_Task brief_. Your task is to restate word for word the lines in the material below, from the one with "First prototype. Sides" up to and including the one with "The Cheesy Potato". Do not carry over the pictures.

_Given records_.
Segment Open

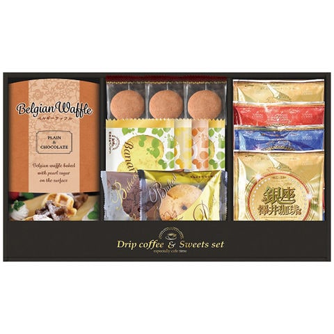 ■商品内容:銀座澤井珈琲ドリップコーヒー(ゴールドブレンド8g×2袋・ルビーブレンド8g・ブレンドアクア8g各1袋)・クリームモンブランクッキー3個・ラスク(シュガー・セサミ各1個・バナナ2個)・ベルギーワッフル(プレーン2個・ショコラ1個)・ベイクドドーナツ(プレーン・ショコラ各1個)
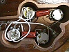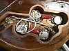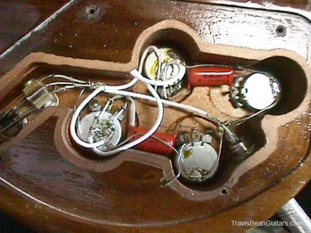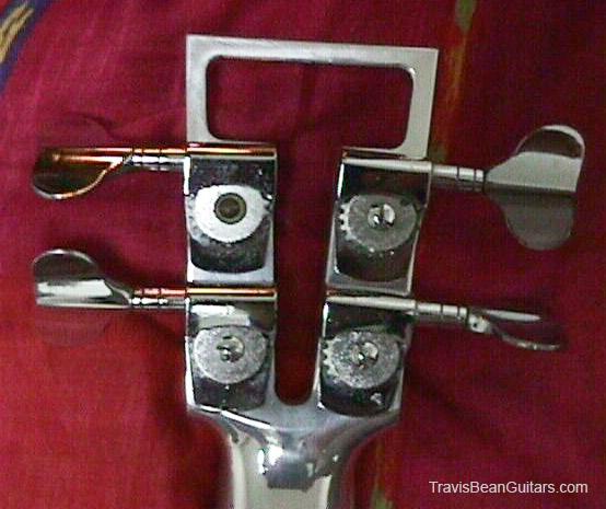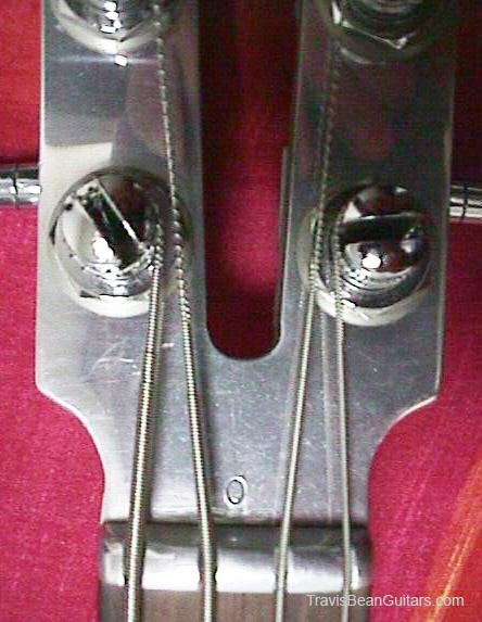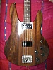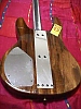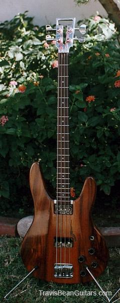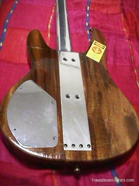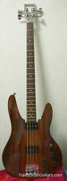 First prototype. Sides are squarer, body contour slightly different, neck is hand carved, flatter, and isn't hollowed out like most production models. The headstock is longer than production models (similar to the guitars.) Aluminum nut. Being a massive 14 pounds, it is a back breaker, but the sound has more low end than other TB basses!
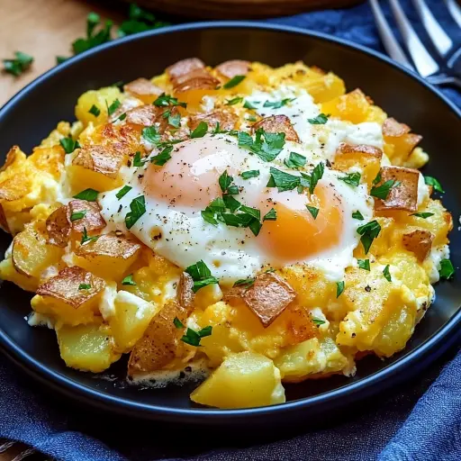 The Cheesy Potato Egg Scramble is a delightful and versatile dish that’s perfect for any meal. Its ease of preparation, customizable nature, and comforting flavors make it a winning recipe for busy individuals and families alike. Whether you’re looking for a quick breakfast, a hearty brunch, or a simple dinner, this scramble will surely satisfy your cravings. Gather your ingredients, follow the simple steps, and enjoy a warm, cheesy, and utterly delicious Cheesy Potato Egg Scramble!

Segment Closed
Segment Open

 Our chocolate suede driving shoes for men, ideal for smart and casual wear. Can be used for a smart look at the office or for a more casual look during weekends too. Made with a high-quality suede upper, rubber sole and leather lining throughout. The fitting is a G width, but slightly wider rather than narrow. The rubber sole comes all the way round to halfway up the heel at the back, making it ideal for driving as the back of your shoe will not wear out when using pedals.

Segment Closed

_Task response_.
 First prototype. Sides are squarer, body contour slightly different, neck is hand carved, flatter, and isn't hollowed out like most production models. The headstock is longer than production models (similar to the guitars.) Aluminum nut. Being a massive 14 pounds, it is a back breaker, but the sound has more low end than other TB basses!
 The Cheesy Potato Egg Scramble is a delightful and versatile dish that’s perfect for any meal. Its ease of preparation, customizable nature, and comforting flavors make it a winning recipe for busy individuals and families alike. Whether you’re looking for a quick breakfast, a hearty brunch, or a simple dinner, this scramble will surely satisfy your cravings. Gather your ingredients, follow the simple steps, and enjoy a warm, cheesy, and utterly delicious Cheesy Potato Egg Scramble!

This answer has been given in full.